• **EXERCISE**: Look through the data below and output, unchanged, every line from the one holding "Согласно опубликованному сегодня" through the one holding "Engineered for real-world", inclusive. Skip the pictures.

• **EXERCISE MATERIALS**:
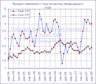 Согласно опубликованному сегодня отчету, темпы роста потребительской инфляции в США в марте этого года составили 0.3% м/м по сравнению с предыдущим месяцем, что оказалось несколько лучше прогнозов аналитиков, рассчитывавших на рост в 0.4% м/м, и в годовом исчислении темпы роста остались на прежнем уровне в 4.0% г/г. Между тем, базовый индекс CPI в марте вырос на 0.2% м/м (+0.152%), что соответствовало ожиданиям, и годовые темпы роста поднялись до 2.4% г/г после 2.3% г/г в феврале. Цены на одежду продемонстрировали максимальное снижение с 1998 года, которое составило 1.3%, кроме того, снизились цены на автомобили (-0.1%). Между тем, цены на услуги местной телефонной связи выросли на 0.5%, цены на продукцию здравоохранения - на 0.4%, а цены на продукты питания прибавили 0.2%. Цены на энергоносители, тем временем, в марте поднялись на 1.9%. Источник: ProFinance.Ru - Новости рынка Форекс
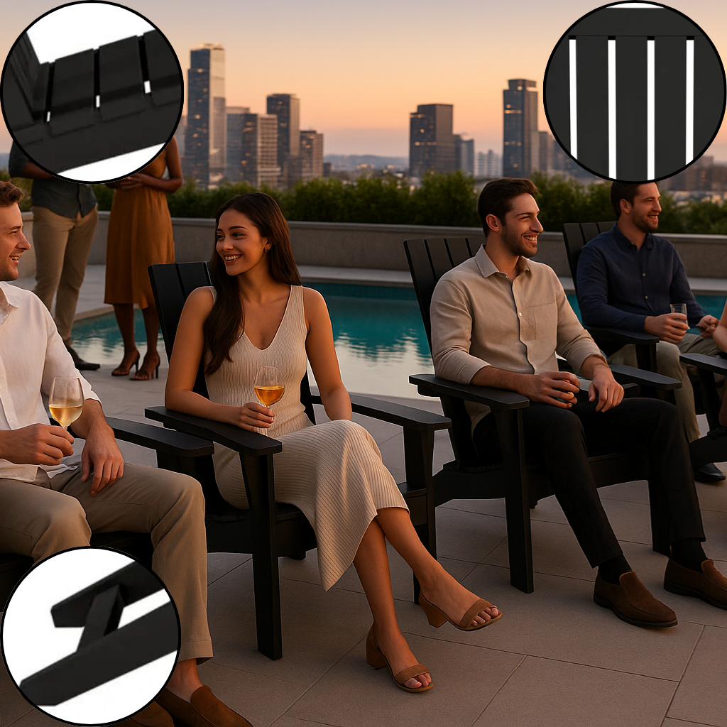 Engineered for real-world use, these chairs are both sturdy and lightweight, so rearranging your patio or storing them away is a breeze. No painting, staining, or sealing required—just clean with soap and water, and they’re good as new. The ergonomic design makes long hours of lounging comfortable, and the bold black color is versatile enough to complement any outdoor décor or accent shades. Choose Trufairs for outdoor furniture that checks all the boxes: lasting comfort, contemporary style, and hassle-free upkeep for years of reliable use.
---
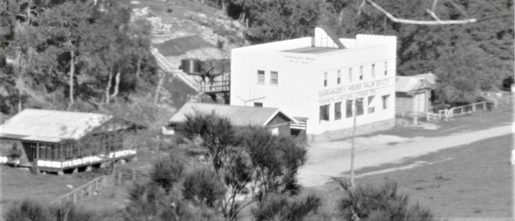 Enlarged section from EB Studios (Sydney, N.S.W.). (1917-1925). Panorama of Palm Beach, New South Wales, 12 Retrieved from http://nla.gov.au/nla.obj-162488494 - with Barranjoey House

• **YOUR SOLUTION**:
 Согласно опубликованному сегодня отчету, темпы роста потребительской инфляции в США в марте этого года составили 0.3% м/м по сравнению с предыдущим месяцем, что оказалось несколько лучше прогнозов аналитиков, рассчитывавших на рост в 0.4% м/м, и в годовом исчислении темпы роста остались на прежнем уровне в 4.0% г/г. Между тем, базовый индекс CPI в марте вырос на 0.2% м/м (+0.152%), что соответствовало ожиданиям, и годовые темпы роста поднялись до 2.4% г/г после 2.3% г/г в феврале. Цены на одежду продемонстрировали максимальное снижение с 1998 года, которое составило 1.3%, кроме того, снизились цены на автомобили (-0.1%). Между тем, цены на услуги местной телефонной связи выросли на 0.5%, цены на продукцию здравоохранения - на 0.4%, а цены на продукты питания прибавили 0.2%. Цены на энергоносители, тем временем, в марте поднялись на 1.9%. Источник: ProFinance.Ru - Новости рынка Форекс
 Engineered for real-world use, these chairs are both sturdy and lightweight, so rearranging your patio or storing them away is a breeze. No painting, staining, or sealing required—just clean with soap and water, and they’re good as new. The ergonomic design makes long hours of lounging comfortable, and the bold black color is versatile enough to complement any outdoor décor or accent shades. Choose Trufairs for outdoor furniture that checks all the boxes: lasting comfort, contemporary style, and hassle-free upkeep for years of reliable use.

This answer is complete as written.